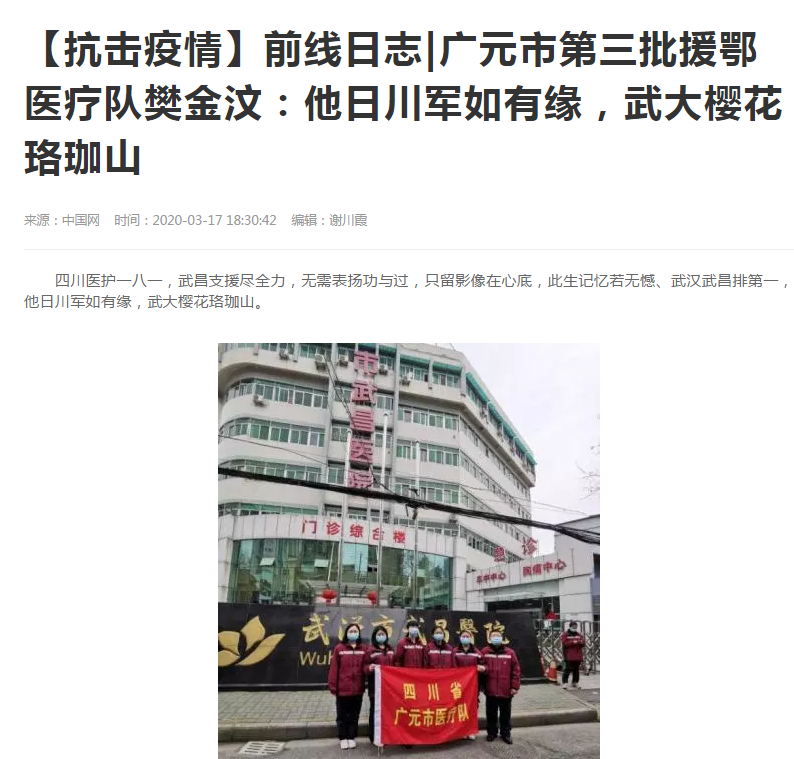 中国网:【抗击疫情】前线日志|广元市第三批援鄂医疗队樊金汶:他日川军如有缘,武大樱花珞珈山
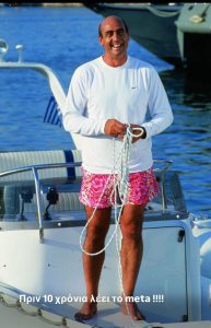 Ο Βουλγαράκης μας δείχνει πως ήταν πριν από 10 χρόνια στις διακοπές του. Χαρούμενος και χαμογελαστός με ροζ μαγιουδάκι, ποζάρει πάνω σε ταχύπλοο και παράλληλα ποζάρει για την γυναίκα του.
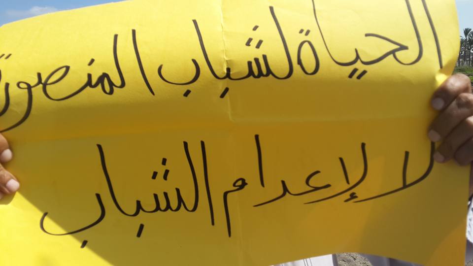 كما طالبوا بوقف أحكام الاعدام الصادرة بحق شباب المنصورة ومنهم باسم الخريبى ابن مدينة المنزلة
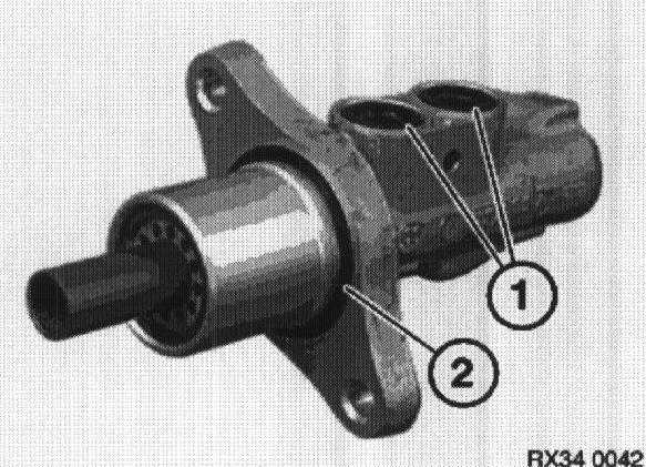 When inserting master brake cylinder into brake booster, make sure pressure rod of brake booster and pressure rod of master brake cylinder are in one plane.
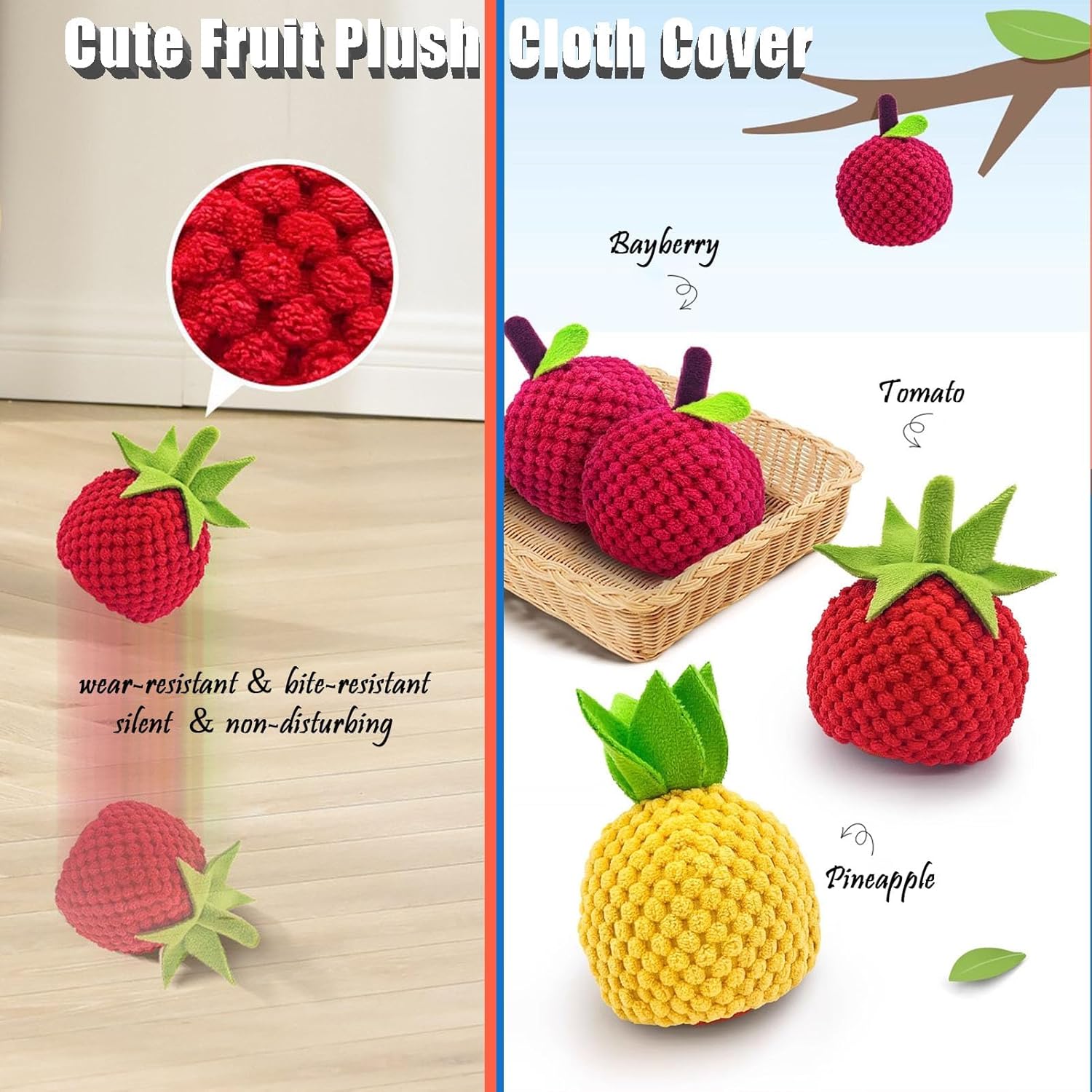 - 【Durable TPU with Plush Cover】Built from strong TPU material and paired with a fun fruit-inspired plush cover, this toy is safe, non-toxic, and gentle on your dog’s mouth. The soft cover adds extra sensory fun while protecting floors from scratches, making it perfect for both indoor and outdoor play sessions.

...

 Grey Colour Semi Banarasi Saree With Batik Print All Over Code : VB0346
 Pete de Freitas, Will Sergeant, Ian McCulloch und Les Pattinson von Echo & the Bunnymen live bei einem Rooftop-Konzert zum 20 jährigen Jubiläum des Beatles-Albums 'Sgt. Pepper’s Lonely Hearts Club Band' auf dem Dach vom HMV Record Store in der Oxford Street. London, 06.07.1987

What this task involves
The response must repeat exactly the lines above from the one with "كما طالبوا بوقف" through the one with "- 【Durable TPU", including both, and must contain no pictures and no other text.

Task solution
 كما طالبوا بوقف أحكام الاعدام الصادرة بحق شباب المنصورة ومنهم باسم الخريبى ابن مدينة المنزلة
 When inserting master brake cylinder into brake booster, make sure pressure rod of brake booster and pressure rod of master brake cylinder are in one plane.
 - 【Durable TPU with Plush Cover】Built from strong TPU material and paired with a fun fruit-inspired plush cover, this toy is safe, non-toxic, and gentle on your dog’s mouth. The soft cover adds extra sensory fun while protecting floors from scratches, making it perfect for both indoor and outdoor play sessions.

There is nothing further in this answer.